As expected from the WordCloud above, ‘good’ is the most common adjective. Just from this very broad view, we can see that the sentiment of the most used words is quite positive.

Spotcheck

Now we’d like to see how well our POS approach is performing. For that, we can take the most frequent adjective (good), and see how it compares to the count in the BOW model.

  
df_bow = pd.DataFrame.from_dict({
    'word': wcount_dict.keys(),
    'count': wcount_dict.values()
}).sort_values('count', ascending=False)

print(f"BOW 'good' word counts: {df_bow[df_bow['word'] == 'good']['count'].values[0]}")
print(f"ADJ 'good' word counts: {df_adj_count[df_adj_count['word'] == 'good']['count'].values[0]}")

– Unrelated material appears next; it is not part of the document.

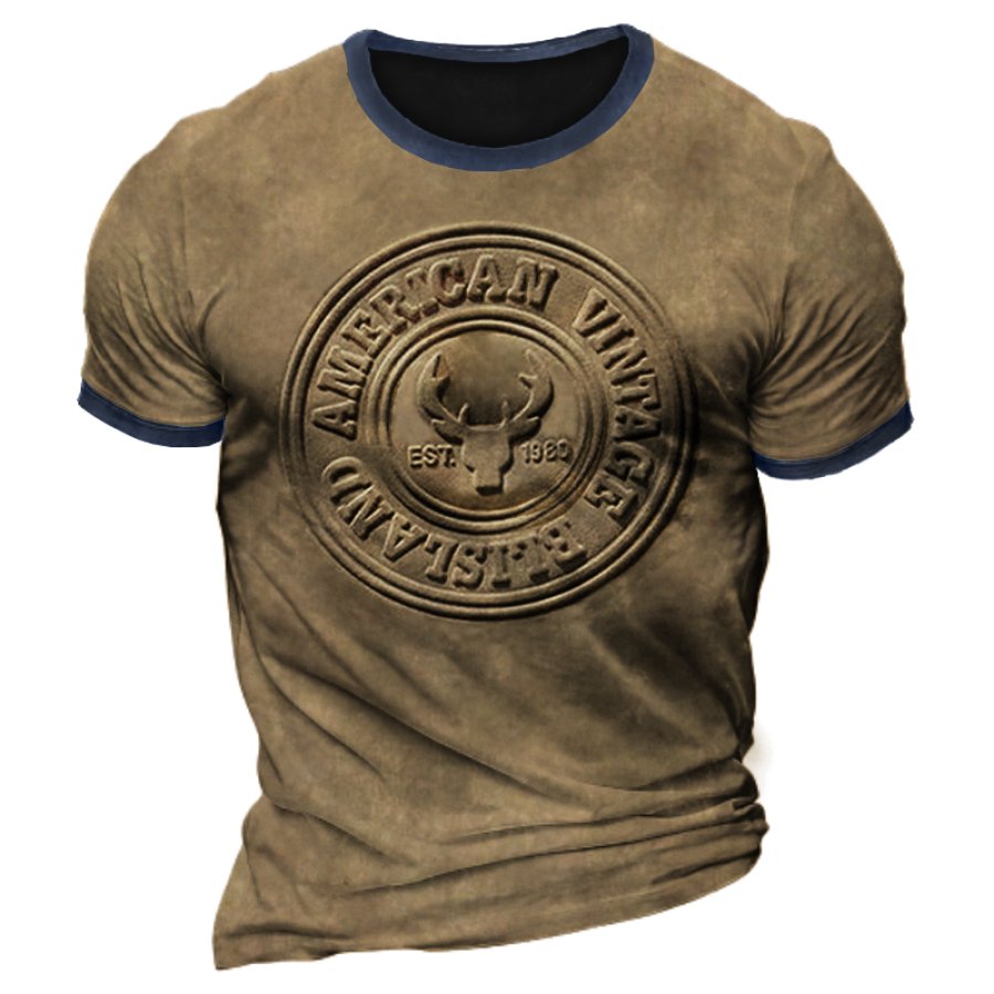 t-shirts,men's color block 3d emboss logo print crew t-shirt

# create a spotcheck dataframe
df_spk = df_pos[(df_pos['word'] == 'good') & (df_pos['pos_tag'] != 'ADJ')]

print(df_spk)
print(f'dataframe entries in spotcheck dataframe: {len(df_spk)}')
print(f"# of 'good' entries missing: {df_bow[df_bow['word'] == 'good']['count'].values[0] - df_adj_count[df_adj_count['word'] == 'good']['count'].values[0] - len(df_spk)}")

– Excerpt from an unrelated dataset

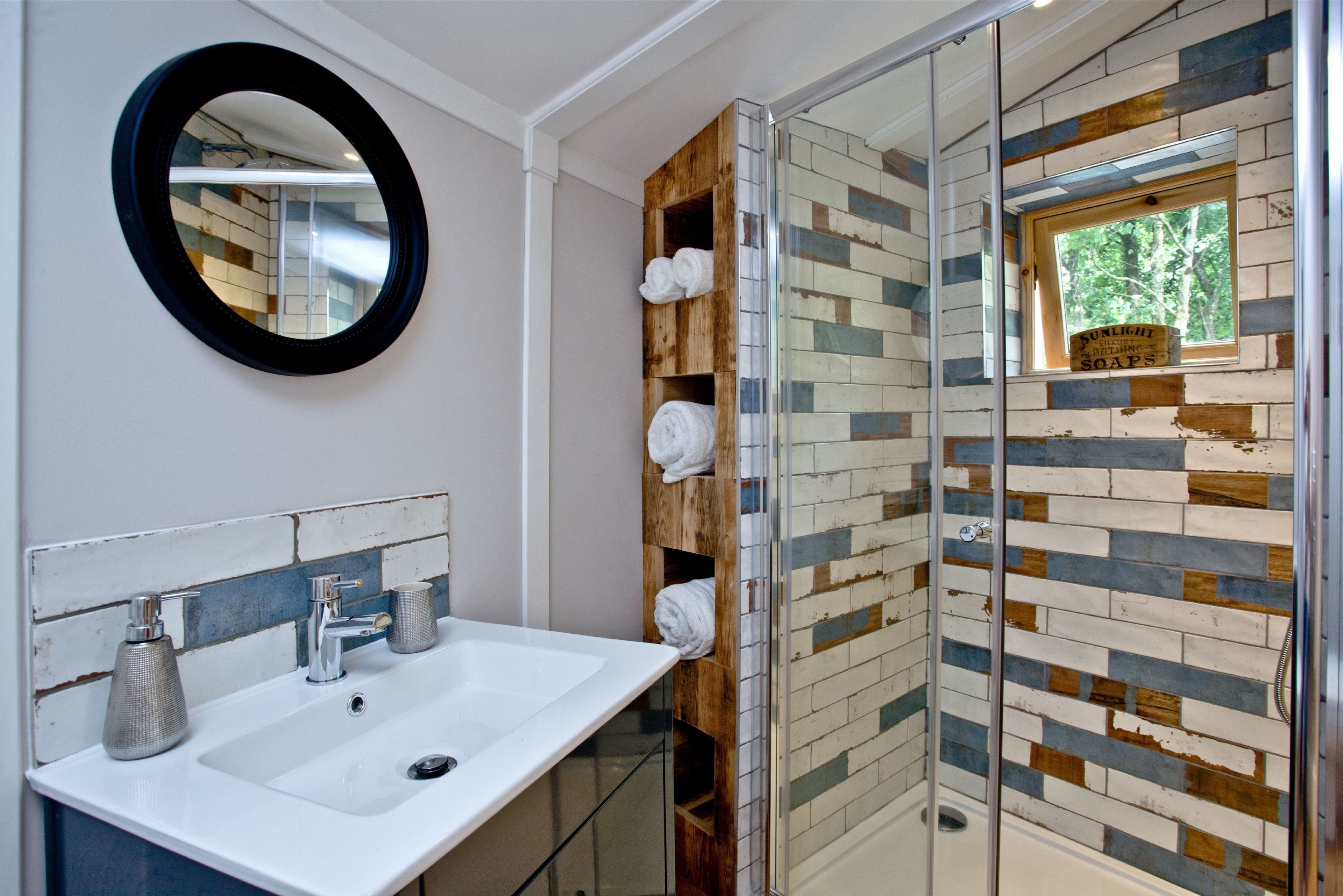 Family BathroomEn suite with a walk in shower, WC, heated towel rail and wash basin.

BOW 'good' word counts: 182
ADJ 'good' word counts: 136
       word pos_tag
 good    INTJ
 good    INTJ
 good    INTJ
good    NOUN
good    NOUN
good    INTJ
good    INTJ
good    NOUN
good    INTJ
good    INTJ
good    NOUN
good    INTJ
good    INTJ
good    INTJ
dataframe entries in spotcheck dataframe: 14
# of 'good' entries missing: 32

We see that most of the instances of ‘good’ that are not classified as ADJ are classified as INTJ (interjection), which probably corresponds to messages where ‘good’ is the only word (e.g. ‘Good!’ as an answer to an SMS).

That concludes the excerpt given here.